Authentication & Cryptography specific issues
RATS with default settings doesn't really help in finding authentication and cryptography related issues. On the other hand its libraries could be extended to point out and advise on these kind of issues.
RIPS
RIPS is a tool, written in PHP, that detects potential security risks caused by tainted user input in PHP applications. RIPS allows for extensive configuration when initialising a scan where one can set the verbosity level and the vulnerability types to scan for:
Verbosity level: How deep the analysis goes. User Tainted only 1. file/DB tainted 2. Show secured 3. Untainted 4. Debug mode Vulnerability types: Which types of vulnerabilities the analysis should look for. 1. All server-side 1.1 Code Execution 1.2 Command Execution 1.3 Header Injection 1.4 File Disclosure 1.5 File Inclusion 1.6 File Manipulation 1.7 LDAP Injection 1.8 SQL Injection 1.9 XPath Injection 1.10 other 2. All client-side 2.1 Cross-Site Scripting 2.2 HTTP Response Splitting 2.3 Unserialize / POP A checkbox to scan all subdirectories as well
Running the tool against phpBB resulted in 56 issues found. Almost all of these issues were found to be false positives. Possibly due to the fact that object-oriented PHP is not yet supported in RIPS.
Usability
RIPS structures its issues according to the files that they were found in. For each issue a short outline is given that includes: the kind of issue that is given (Cross-Site Scripting, File Injection, etc.), a short description of the problem and the lines of code that are the cause of and lead to the insecure situation.
It would be useful to know what the priority/severity of the issues are, but RIPS does not show this.
Most of the issues that RIPS finds are false positive. It seems that RIPS deems any file or database input as potentially harmful user input and does not see whether the input is checked/sanitized.
Also, it seems that RIPS sometimes omits code, which forces the user of RIPS to open the corresponding file and find the line of code to really understand what it does.
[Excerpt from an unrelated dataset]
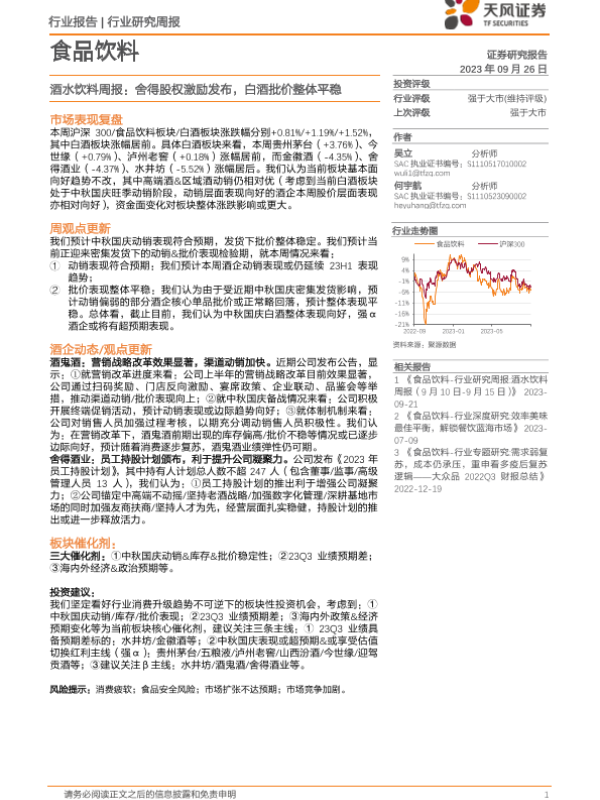 【天风证券】【20230926】20230926-天风证券-酒水饮料周报:舍得股权激励发布,白酒批价整体平稳-16页 行业研究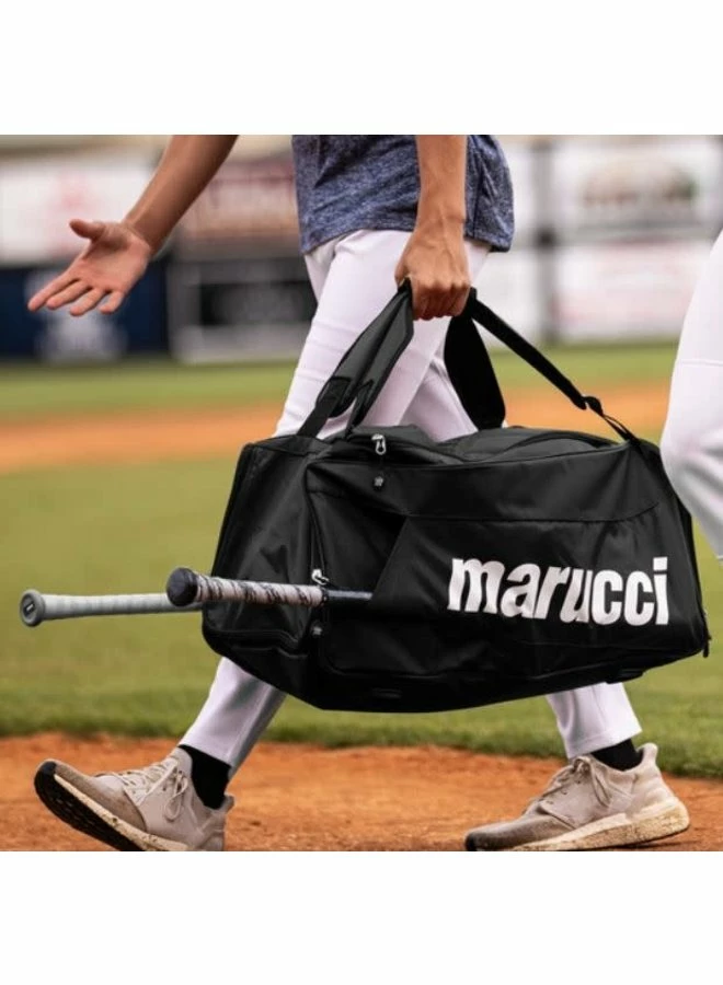 Your new staple duffel bag. The Team Utility Duffel features a large compartment with internal zipper pouches to carry and organize all of your gear. External bat sleeves secure up to two bats, so you have everything you need while you are on the move.

For example in common.php
on line 153
($secure)? 'https://' : 'http://')
becomes
'https://' : 'http://')
in RIPS.
Authentication & Cryptography specific issues
With the focus on tainted user input and as the list of vulnerabilities indicates, RIPS is not a very useful tool for finding authentication and cryptography issues in a PHP application.
Conclusions
Comparison of Fortify, RATS and RIPS
In comparing the tools, there are two important things to consider: The correctness of the analysis of the tool, and the ease of use of the tool. In the correctness of the analysis, Fortify stands out the most. Although it has quite a lot of false positives, it does find more true positives than the alternatives and that is, in the end, what you want to find. Also in the ease of use of the tool, Fortify wins. Although there are some improvements to be made, it does provide a few features that make it a lot easier to analyse the given issues. RIPS does provide some ways to analyse the issues, but is by far not as good as Fortify.
Fortify was, besides this, also the only tool that could focus on Authentication and Cryptographic issues, although it proved not too helpful in finding out whether a page is in the public or private domain. (Erik: What do you mean by public or private domain here? wether a page is publicly accessible or only by a specific user/the admin? If so, isn't that part of the internal logic of the web application, which you can hardly expect Fortify to know something about?)
Tools in general
All these tools can only offer a guideline to the security analyst and a lot of manual analysis is still required to verify all issues. Proper aiding in analysis, e.g. by showing relevant code, can greatly reduce the user's work.
In general these tools seem to focus a lot on sanitation of data. This is also one of the weaknesses of the tools because they don't really have any way to tell if data has been sanitized. (Erik: Still, tools can tell something about whether data has been sanatized if it knows some standard sanitisation functions that could/should be used.) This is the cause of most false positives.